Not using tf.data, with data size 100000, input dimension 10 and
training with a full batch, it took an average of 0.2431719040000644
seconds to run 10 epochs.
Using tf.data, with data size 500, and input dimension 10, and
training with batch size 50, it took an average of 0.09512088866661846
seconds to run 10 epochs.
Using tf.data, with data size 500, and input dimension 10, and
training with batch size 500, it took an average of
0.07286913600000844 seconds to run 10 epochs.
Using tf.data, with data size 100000, and input dimension 10, and
training with batch size 50, it took an average of 4.421892363666605
seconds to run 10 epochs.
Using tf.data, with data size 100000, and input dimension 10, and
training with batch size 100000, it took an average of
2.2555197536667038 seconds to run 10 epochs.
Edit: Fixed an important issue that Fred Guth pointed out. It didn't much affect the results, though.

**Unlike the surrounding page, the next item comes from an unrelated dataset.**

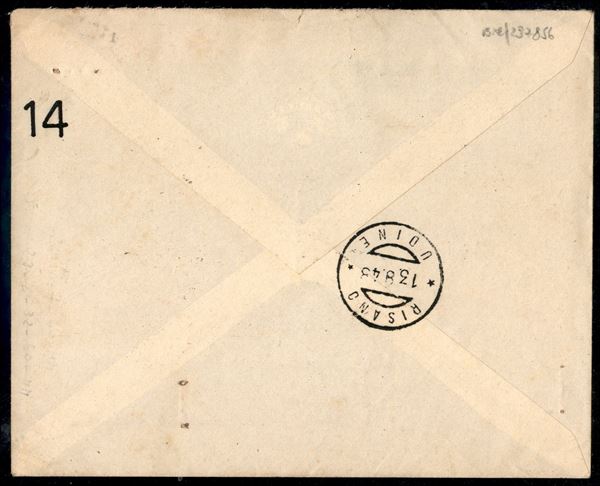 Busta non filatelica spedita il 11.8.48 (impostata il 10.8) affrancata con soprastampato da 12 lire pił 3 lire Posta Pneumatica Italia - tariffa per lettere pił sopratassa per la posta pneumatica da ufficio romano - viaggiata - raro documento
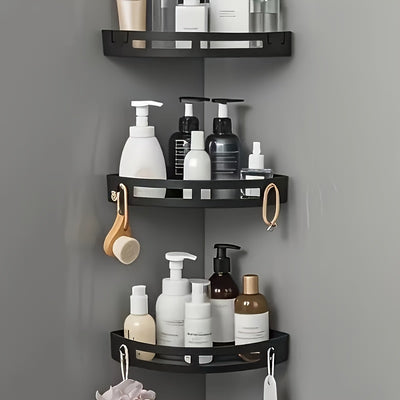 1pc Heavy-Duty No-Drill Bathroom Corner Shelf - Space-Saving Corner Organizer with Damage-Free Installation, Waterproof Bathroom & Kitchen Storage Rack, Holds Shower Gel, Toiletries, Cosmetics - Ideal for Small Bathrooms, Apa

I wanted to test the dataset API which seems to be really convenient for processing data. I did a lot of time testing about this API in CPU, GPU and multi-GPU way for small and large NN with different type of data.
First thing, It seems to me that your code is ok. But I need to point that your NN is just one simple layer.
Now, the dataset API is not suitable for your type of NN but for NN with a lot more complexity. Why ? For several reasons that I explain below (founded in my quest of understanding the dataset API).
Firstly, in one hand the dataset API processes data each batch whereas in the other hand data are preprocessed. Therefore, if it fits your RAM, you can save time by preprocessing the data. Here your data are just to "simple". If you want to test what i am saying, try to find a really really big dataset to process. Nevertheless, the dataset API can be tuned with prefetching data. You can take a look to this tutorial that explain really well why it is good to process data with prefetch.
Secondly, in my quest of dataset API for Multi-GPU training, I discovered that as far as i know the old pre-processing way is faster than dataset API for small Neural Network. You can verify that by creating a simple stackable RNN which take a sequence in input. You can try different size of stack (i have tested 1, 2, 10 and 20). You will see that, using the dataset API, on 1-GPU or on 4-GPUs, the time did not differ for small RNN stacks (1, 2 and 5).
To summarize, the dataset API is suitable for Neural Network that have data that can't be pre-process. Depending on your task, it may be more convenient to pre-process data, for example if you want to tweak your NN in order to improve it. I agree that the dataset API is really cool for batch, padding and also convenient for shuffling large amount of data but it's also not suitable for multi-GPU training.

First:
You are recreating the dataset unnecessarily.
data_set = tf.data.Dataset.from_tensor_slices((training_inputs, training_labels))
Create the dataset prior to the loop and change the regress_with_tfData input signature to use dataset instead of training_inputs and training_labels.
Second:
The problem here is that minibatches of size 50 or even 500 are too small to compensate the cost of td.data building latency. You should increase the minibatch size. Interestingly you did so with a minibatch of size 100000, but then maybe it is too big ( I am not certain of this, I think it would need more tests).
There are a couple of things you could try:
1) Increase the minibatch size to something like 10000 and see if you get an improvement
2) Change your pipeline to use an iterator, example:
data_set = tf.data.Dataset.from_tensor_slices((training_inputs, training_labels))
data_set = data_set.repeat(n_epochs)
data_set = data_set.batch(batch_size)
iterator = data_set.make_one_shot_iterator()
....
next_element = iterator.get_next()

That is because you are comparing apples with bananas.
On one hand, when using placeholders, you are providing a monolithic tensor as is. On the other hand, when using Dataset, you are slicing the tensor into individual samples. This is very different.
The equivalent of providing a monolothic placeholder tensor with the Dataset pipeline is by using tf.data.Dataset.from_tensors. When I use from_tensors in your example, I get similar (actually smaller) computation times than with placeholders.
If you want to compare a more sophisticated pipeline using from_tensor_slices, you should use a fair comparison with placeholders. For example, shuffle your data. Add some preprocessing on your slices. I have no doubt you will observe the performance gain that makes people switch to this pipeline.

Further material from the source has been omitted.